According to a recently published report, decentralized exchange (dex) Uniswap has blocked approximately 253 cryptocurrency addresses allegedly linked to crimes or government sanctions. The information was discovered by software developer Banteg who analyzed and recorded Uniswap’s shared server logs.
30 of the 253 blocked addresses are ENS domain names, Uniswap labels 7 types of risk factor categories
On August 19, software developer and Yearn Finance contributor Banteg published a Twitter feed which claims that the Uniswap dex blocks 253 crypto addresses. “Uniswap provided an unusual level of transparency,” Banteg said of “front-end censorship via TRM Labs.” Uniswap partnered with TRM Labs in mid-April, and the company is blacklisting crypto addresses that may be associated with penalties and crypto crimes.
The same month, reports appeared which indicated that a few innocent Uniswap users were affected by the front-end controlled by TRM Labs. At the time, no one was sure of the exact number of crypto addresses blacklisted by Uniswap’s TRM Labs front end. Banteg says there is 253 addresses and 30 addresses are ENS domain names. The developer also noted that there are seven different types of risk factor categories and two risk levels.

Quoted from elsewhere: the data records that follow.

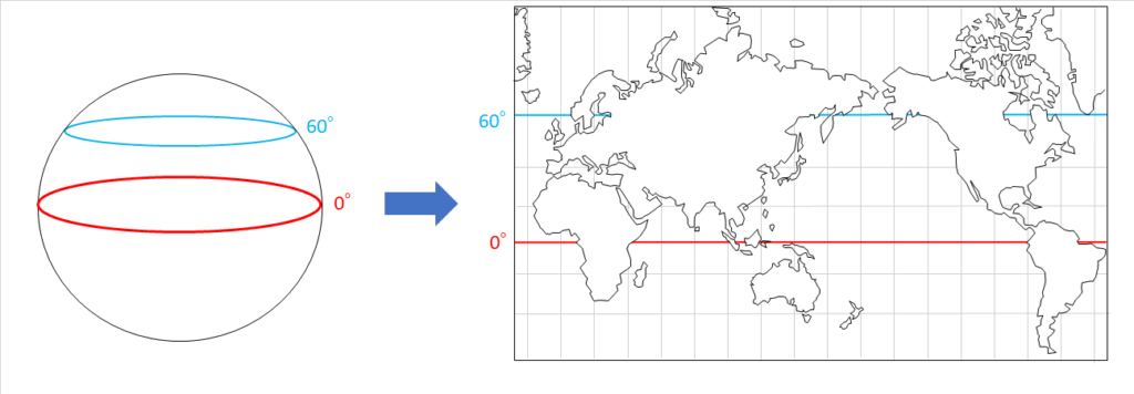 赤道は一周4万㎞ですが、緯度60°では2万㎞になります。
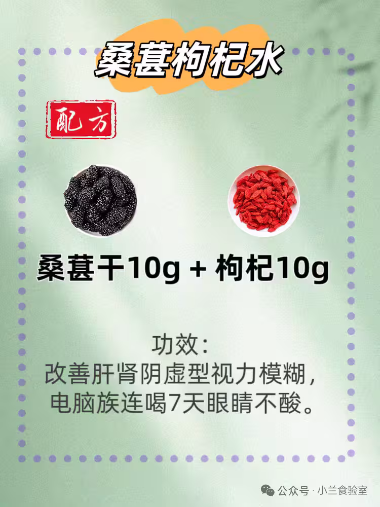 桑葚干10g + 枸杞10g。
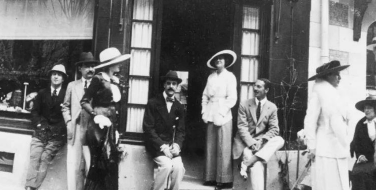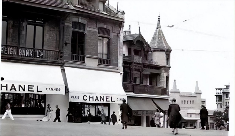 1910年法国康朋街21号店门外的香奈儿与卡柏,门店由卡柏出资赞助,是香奈儿迈入时尚行业的第一步:

“Ownership and being a counterparty to a ‘wrong’ address is checked and can contribute to blocking,” Banteg said. wrote. According to Banteg, the data “wasn’t meant to be public,” but the developer noted that people could still get an “exclusive look at the very first [TRM Labs] leak, courtesy of Uniswap.

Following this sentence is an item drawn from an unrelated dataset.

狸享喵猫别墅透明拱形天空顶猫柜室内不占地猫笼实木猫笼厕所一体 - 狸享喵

Smart contracts and code are defined, not the web platforms that host them
The news follows the recent US Government Ban on Tornado Cash, the Ethereum mixing protocol that leverages Coinjoin and ZKsnark technology. After Tornado Cash was banned, an open source developer was stoppedthe Github code was erasedcontributors to the Tornado Cash Github code base have been suspended and the project’s Discord server has been deleted.
However, the non-profit organization that focuses on policy issues facing crypto assets, Coin Center, believes that the US Treasury Department’s Office of Foreign Asset Control (OFAC) “exceeded its legal authority. “. Coin Center is investigating the legality of the Tornado Cash ban and plans to “engage” with OFAC to discuss the matter.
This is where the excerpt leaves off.